Output the exact lines that start at the one containing "서블릿은 그 독립적으로" and continue to the last line of the entries below; do not output pictures.

*** EXCERPTED RECORDS ***

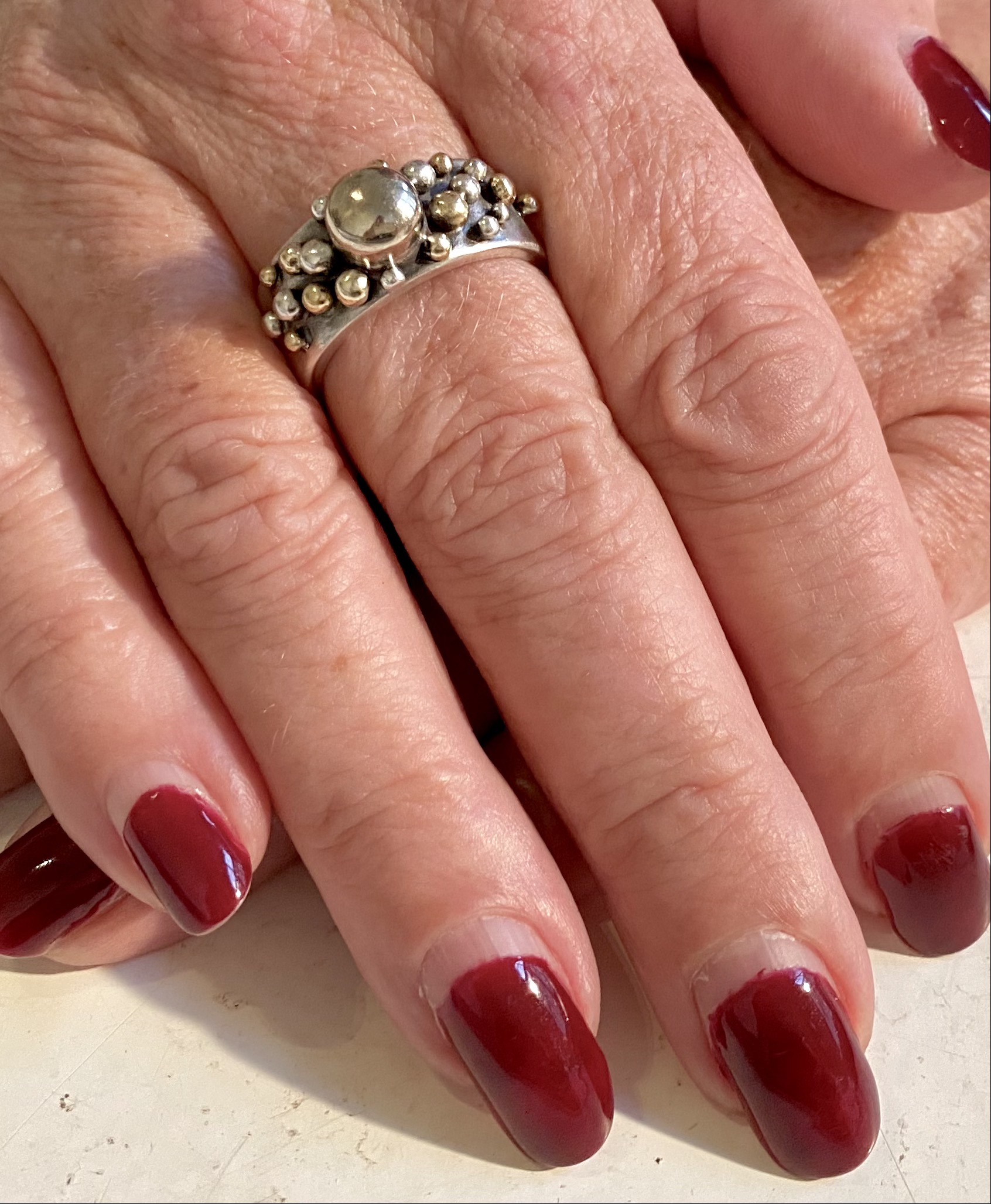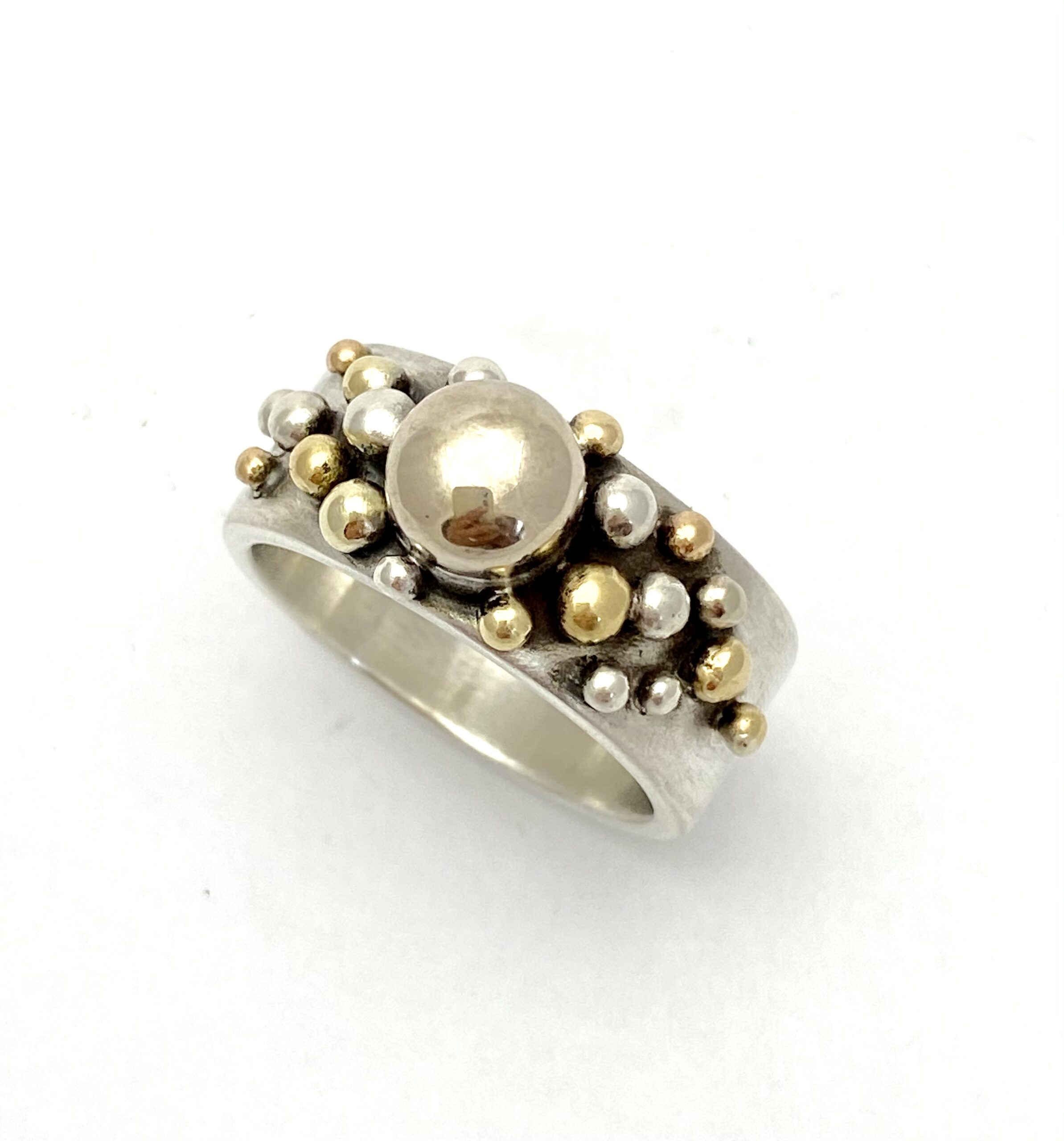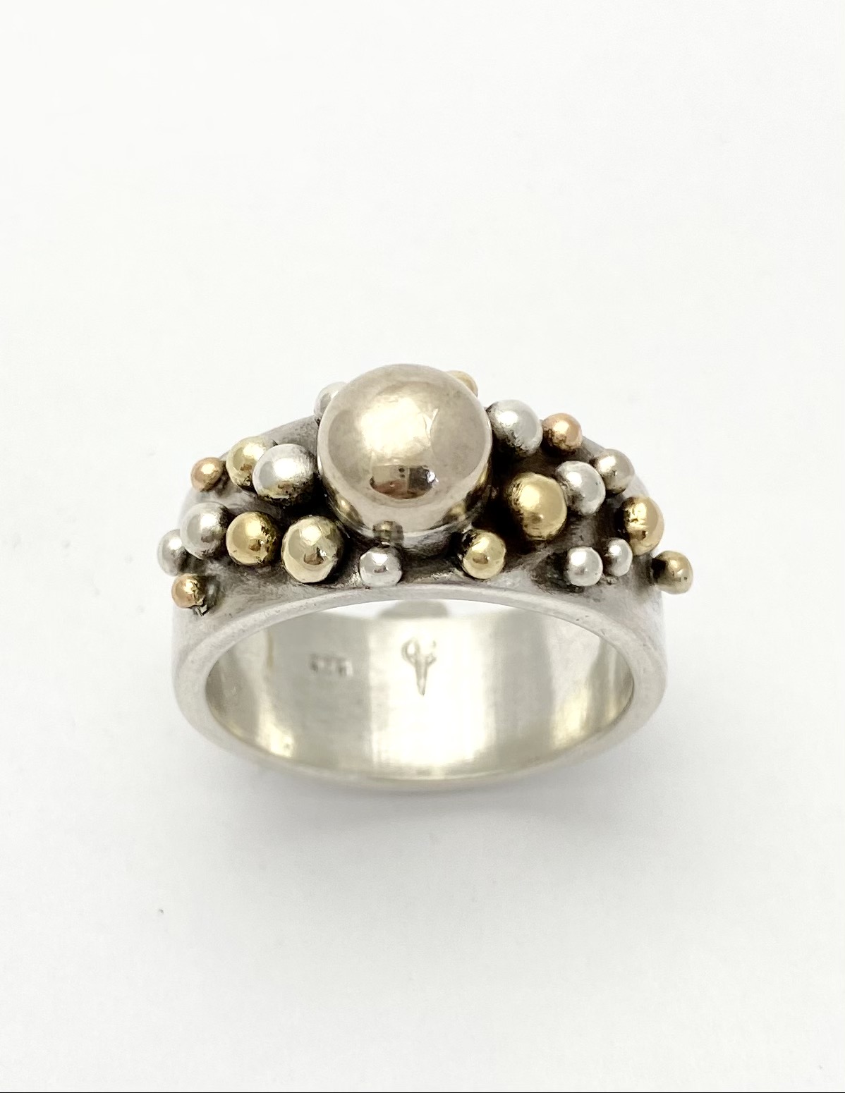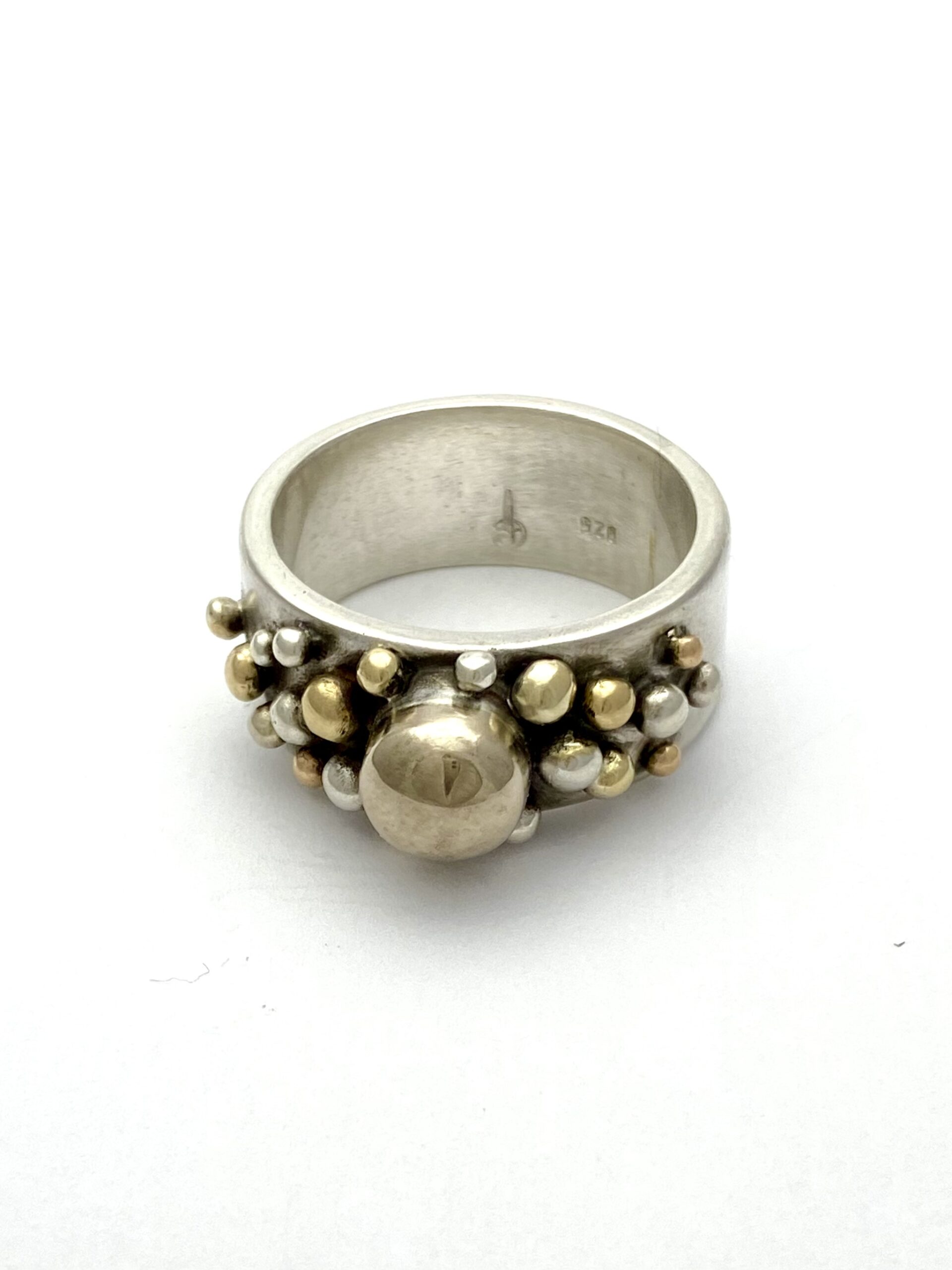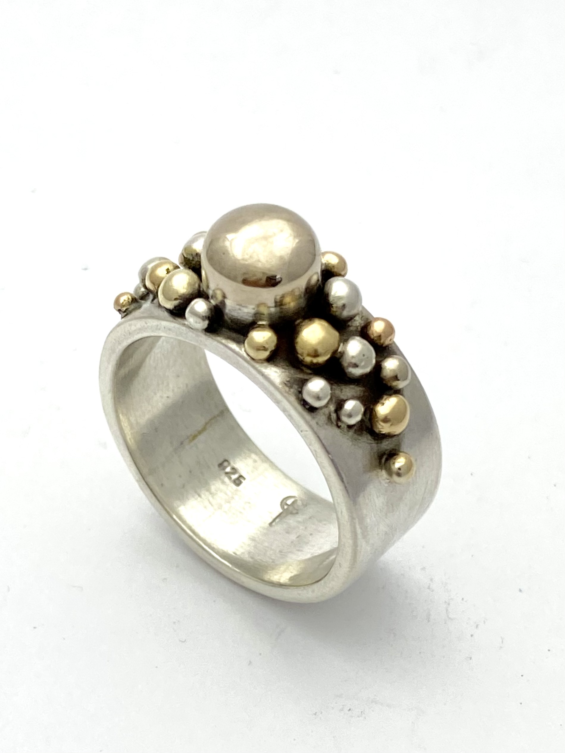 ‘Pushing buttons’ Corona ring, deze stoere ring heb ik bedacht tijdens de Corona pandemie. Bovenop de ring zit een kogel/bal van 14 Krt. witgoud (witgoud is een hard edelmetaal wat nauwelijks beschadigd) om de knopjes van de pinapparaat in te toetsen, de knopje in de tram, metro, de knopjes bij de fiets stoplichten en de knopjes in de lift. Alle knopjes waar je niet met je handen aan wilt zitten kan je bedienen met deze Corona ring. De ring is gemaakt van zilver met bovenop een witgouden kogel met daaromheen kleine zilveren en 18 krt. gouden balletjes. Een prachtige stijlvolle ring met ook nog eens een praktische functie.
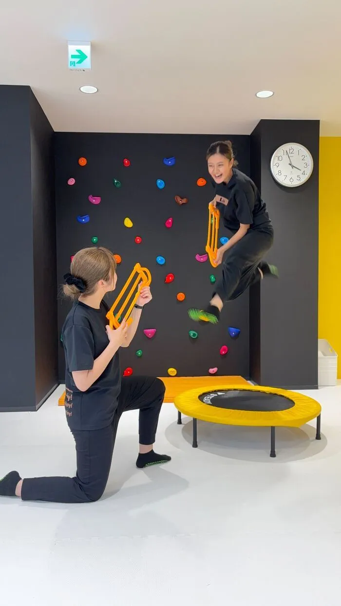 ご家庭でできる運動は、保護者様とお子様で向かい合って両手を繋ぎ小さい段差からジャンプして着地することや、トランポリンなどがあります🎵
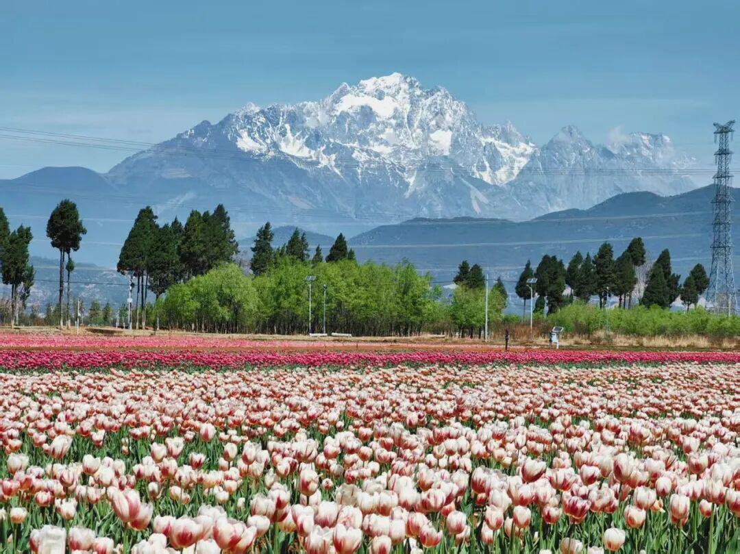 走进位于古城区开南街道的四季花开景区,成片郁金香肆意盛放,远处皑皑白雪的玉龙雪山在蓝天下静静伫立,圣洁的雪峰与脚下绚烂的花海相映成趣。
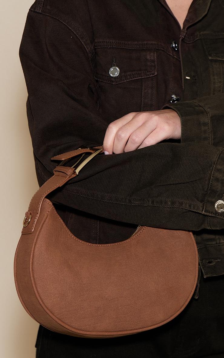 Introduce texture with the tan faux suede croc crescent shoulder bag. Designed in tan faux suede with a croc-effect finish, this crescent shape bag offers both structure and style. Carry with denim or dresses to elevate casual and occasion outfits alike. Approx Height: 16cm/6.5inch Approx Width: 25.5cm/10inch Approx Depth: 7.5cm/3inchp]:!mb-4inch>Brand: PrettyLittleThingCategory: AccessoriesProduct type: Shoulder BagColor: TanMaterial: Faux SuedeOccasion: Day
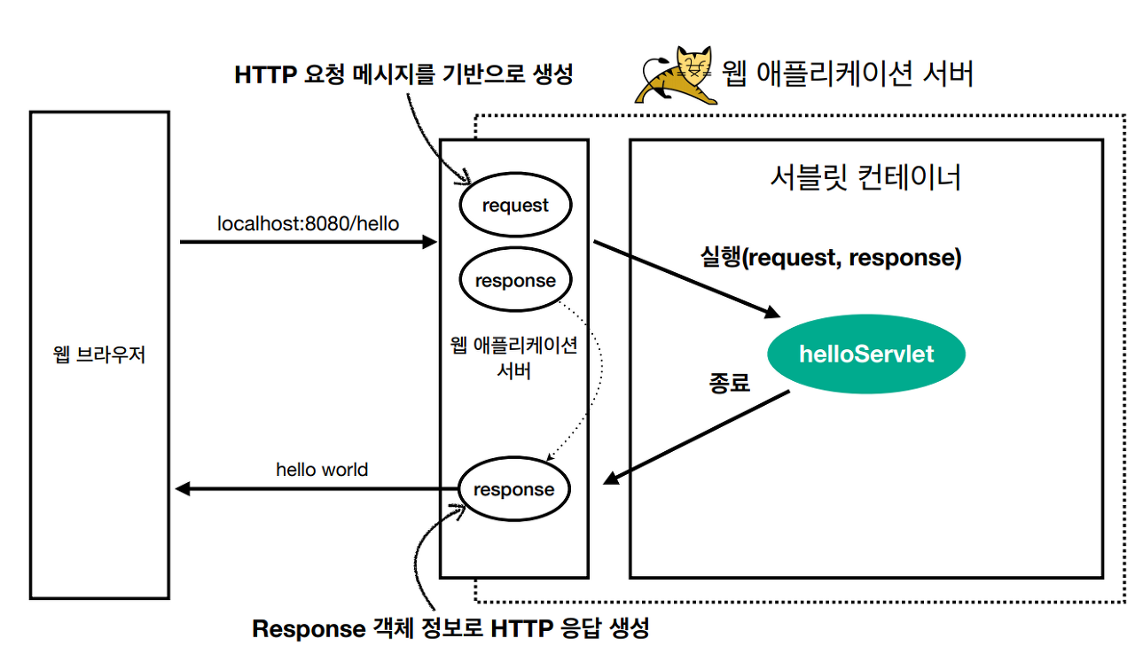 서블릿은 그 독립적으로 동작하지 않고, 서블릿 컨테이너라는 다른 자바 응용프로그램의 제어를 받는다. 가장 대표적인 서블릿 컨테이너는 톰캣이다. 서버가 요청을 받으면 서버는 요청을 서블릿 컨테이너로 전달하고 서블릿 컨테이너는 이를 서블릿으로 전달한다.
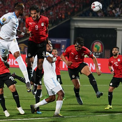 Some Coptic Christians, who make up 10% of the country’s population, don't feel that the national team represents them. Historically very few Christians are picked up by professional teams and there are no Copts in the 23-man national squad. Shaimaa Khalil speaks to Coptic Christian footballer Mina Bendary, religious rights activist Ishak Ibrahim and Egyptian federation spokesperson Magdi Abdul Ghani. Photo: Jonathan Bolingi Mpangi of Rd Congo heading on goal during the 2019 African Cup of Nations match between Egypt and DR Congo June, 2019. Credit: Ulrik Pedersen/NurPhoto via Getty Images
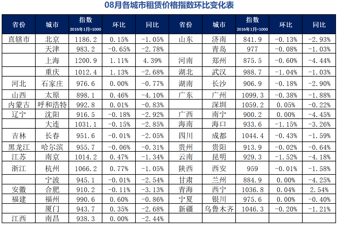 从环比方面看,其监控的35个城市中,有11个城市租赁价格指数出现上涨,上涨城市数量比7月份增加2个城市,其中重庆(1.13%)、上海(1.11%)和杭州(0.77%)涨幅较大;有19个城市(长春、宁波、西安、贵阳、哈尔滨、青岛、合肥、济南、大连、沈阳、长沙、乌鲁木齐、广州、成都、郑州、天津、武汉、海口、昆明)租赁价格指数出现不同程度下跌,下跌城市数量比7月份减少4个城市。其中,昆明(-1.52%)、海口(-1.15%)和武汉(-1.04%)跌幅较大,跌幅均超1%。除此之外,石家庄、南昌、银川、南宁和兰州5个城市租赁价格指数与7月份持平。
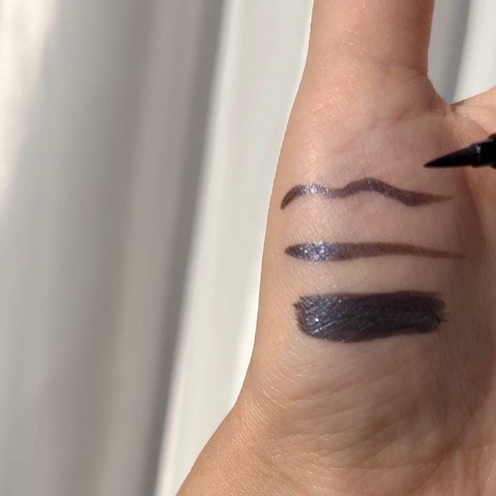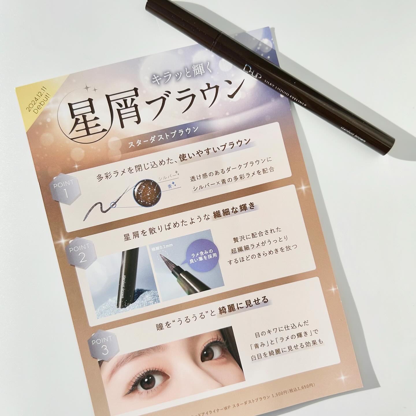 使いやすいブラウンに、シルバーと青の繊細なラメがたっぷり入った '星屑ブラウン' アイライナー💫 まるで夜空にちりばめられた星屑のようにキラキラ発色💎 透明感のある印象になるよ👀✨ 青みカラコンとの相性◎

*** End of EXCERPTED RECORDS ***

**ANSWER BELOW**:
 서블릿은 그 독립적으로 동작하지 않고, 서블릿 컨테이너라는 다른 자바 응용프로그램의 제어를 받는다. 가장 대표적인 서블릿 컨테이너는 톰캣이다. 서버가 요청을 받으면 서버는 요청을 서블릿 컨테이너로 전달하고 서블릿 컨테이너는 이를 서블릿으로 전달한다.
 Some Coptic Christians, who make up 10% of the country’s population, don't feel that the national team represents them. Historically very few Christians are picked up by professional teams and there are no Copts in the 23-man national squad. Shaimaa Khalil speaks to Coptic Christian footballer Mina Bendary, religious rights activist Ishak Ibrahim and Egyptian federation spokesperson Magdi Abdul Ghani. Photo: Jonathan Bolingi Mpangi of Rd Congo heading on goal during the 2019 African Cup of Nations match between Egypt and DR Congo June, 2019. Credit: Ulrik Pedersen/NurPhoto via Getty Images
 从环比方面看,其监控的35个城市中,有11个城市租赁价格指数出现上涨,上涨城市数量比7月份增加2个城市,其中重庆(1.13%)、上海(1.11%)和杭州(0.77%)涨幅较大;有19个城市(长春、宁波、西安、贵阳、哈尔滨、青岛、合肥、济南、大连、沈阳、长沙、乌鲁木齐、广州、成都、郑州、天津、武汉、海口、昆明)租赁价格指数出现不同程度下跌,下跌城市数量比7月份减少4个城市。其中,昆明(-1.52%)、海口(-1.15%)和武汉(-1.04%)跌幅较大,跌幅均超1%。除此之外,石家庄、南昌、银川、南宁和兰州5个城市租赁价格指数与7月份持平。
 使いやすいブラウンに、シルバーと青の繊細なラメがたっぷり入った '星屑ブラウン' アイライナー💫 まるで夜空にちりばめられた星屑のようにキラキラ発色💎 透明感のある印象になるよ👀✨ 青みカラコンとの相性◎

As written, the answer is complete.